The Case Against Racial Essentialism in Academia—and in America

Fall 2025 brought big news in the small world of Arkansas academia, taking up many inches of newsprint in the Arkansas Democrat Gazette (ADG) and other outlets. The University of Arkansas at Little Rock (UALR) terminated a newly hired law professor who reacted to Charlie Kirk’s assassination by declaring that she would “not pull back from CELEBRATING that an evil man died by the method he chose to embrace,” apparently meaning Second Amendment rights.
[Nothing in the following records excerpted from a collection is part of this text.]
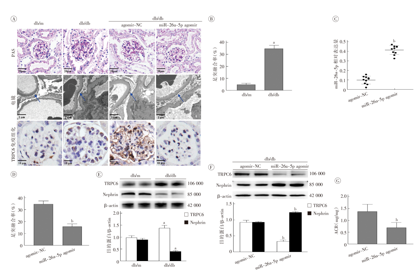 MicroRNA-26a-5p通过抑制TRPC6表达减轻糖尿病肾脏病足细胞损伤
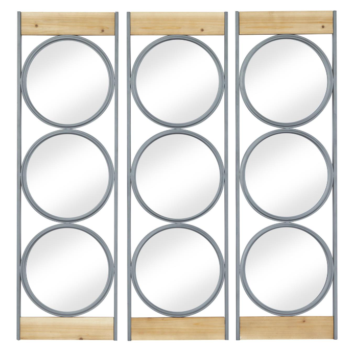 Each wall mirror accentuates a long rectangular outer frame with inner round frames
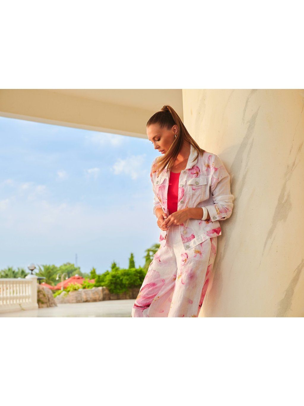 Letní lněná bunda Dolcezza má riflový střih, který zvýrazňuje design rozkvetlých magnólií. Bundičku budete snadno kombinovat nejen k šatům, ale také k letním kalhotám a džínům. Tento kousek dodá vašim outfitům sofistikovanost a ženský akcent.
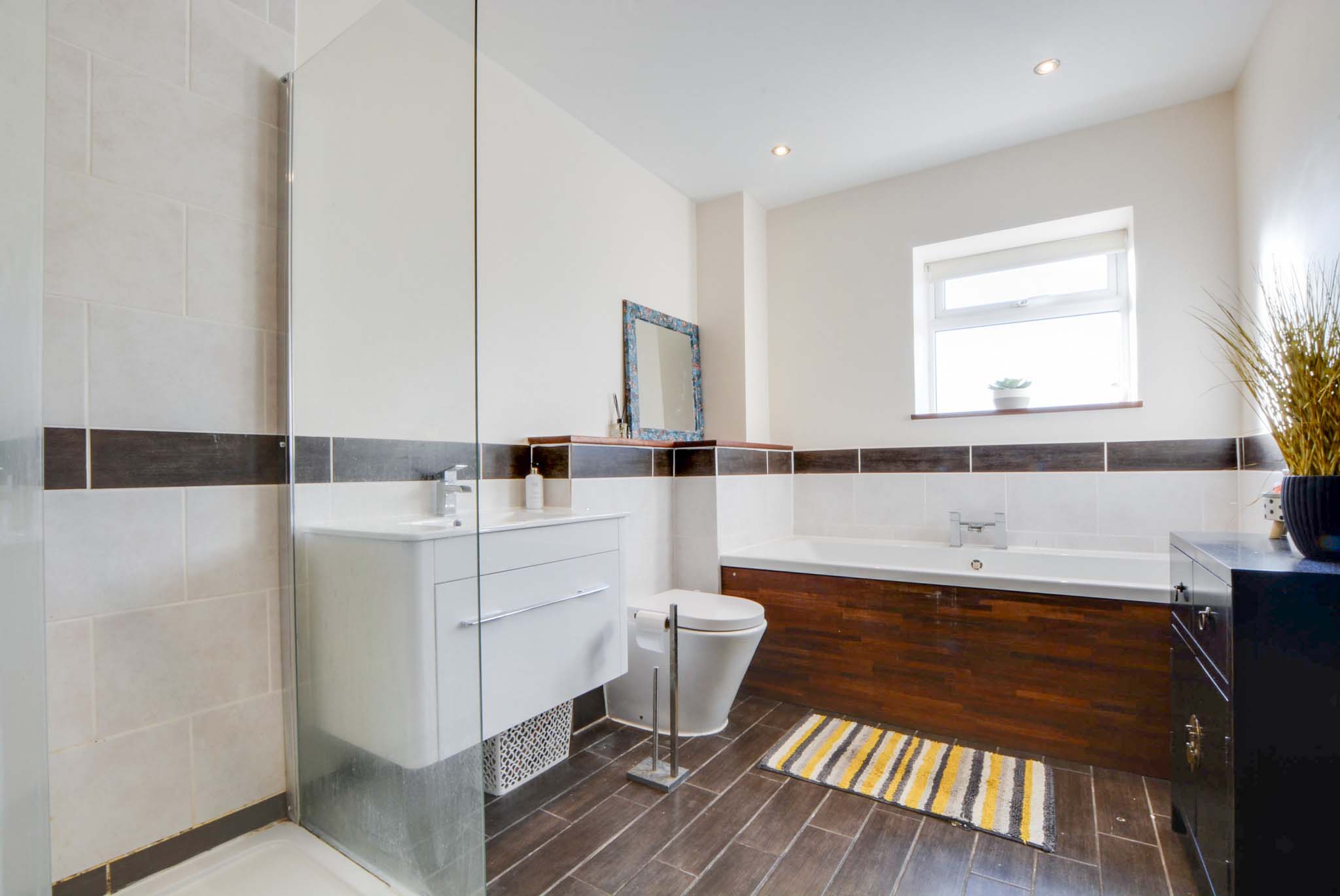 A spacious four-piece bathroom with a double-glazed window, ceramic tiled flooring, bath, separate shower cubicle, low-level WC, wash hand basin, spotlights, extractor fan and chrome towel radiator.
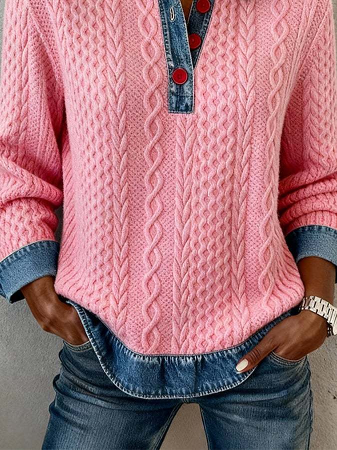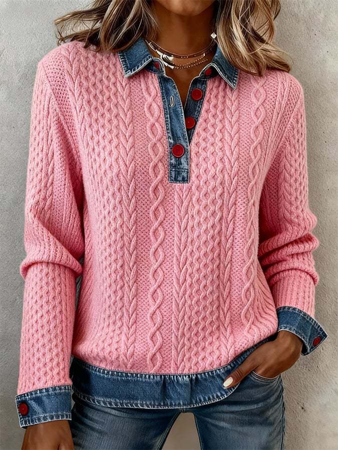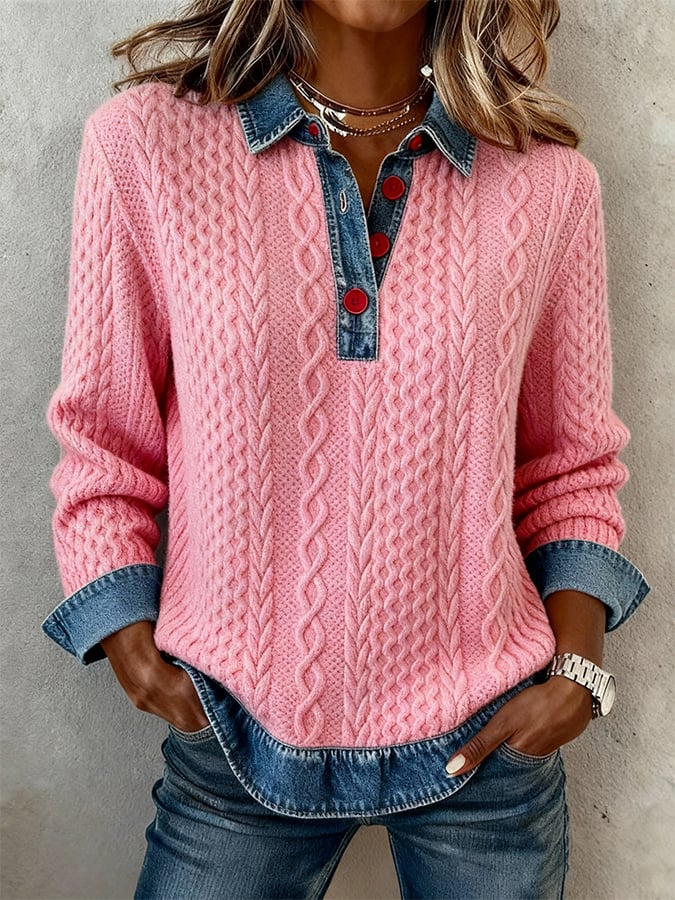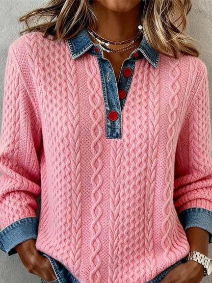 Women's Casual Collared Color Block Sweatshirt

As her UALR Law colleague Rob Steinbuch pointed out in ADG, long before her hiring, this professor had a history of controversial tweets denigrating whites. Steinbuch noted that when he was on the law school’s personnel committee, it scrutinized job candidates’ social media profiles to see if they might show questionable judgment. In contrast, last year’s hiring committee missed red flags, or perhaps did not perceive them as problematic. At any rate, comments like those denouncing Kirk’s mourners, who included much of Arkansas’s political class, as akin to the KKK, were cited by her employer as a “disruption to the efficient operation of the Bowen School of Law and UA Little Rock,” violating civility and other values required in public sector, public-facing professions like teaching.

Many have made predictable points about tradeoffs between the need for professors at public universities to avoid discrimination—don’t insult people based on their race!—and fostering an environment where people can share controversial views without fearing punishment. The first part, assuring equal treatment, gets lots of attention, and rightly so. For decades, most Americans, whatever their race, have taken offense when public employees like cops or professors denigrate the races of the taxpayers they serve. That’s good! Yet punishing people for offensive speech creates martyrs. And if bad ideas go underground because people fear expressing them, how do we disprove those ideas?

So while others have addressed the legality and wisdom of firing the UALR professor for tweets, I will instead critique the ideology of those tweets, racial essentialism, the view that race defines us.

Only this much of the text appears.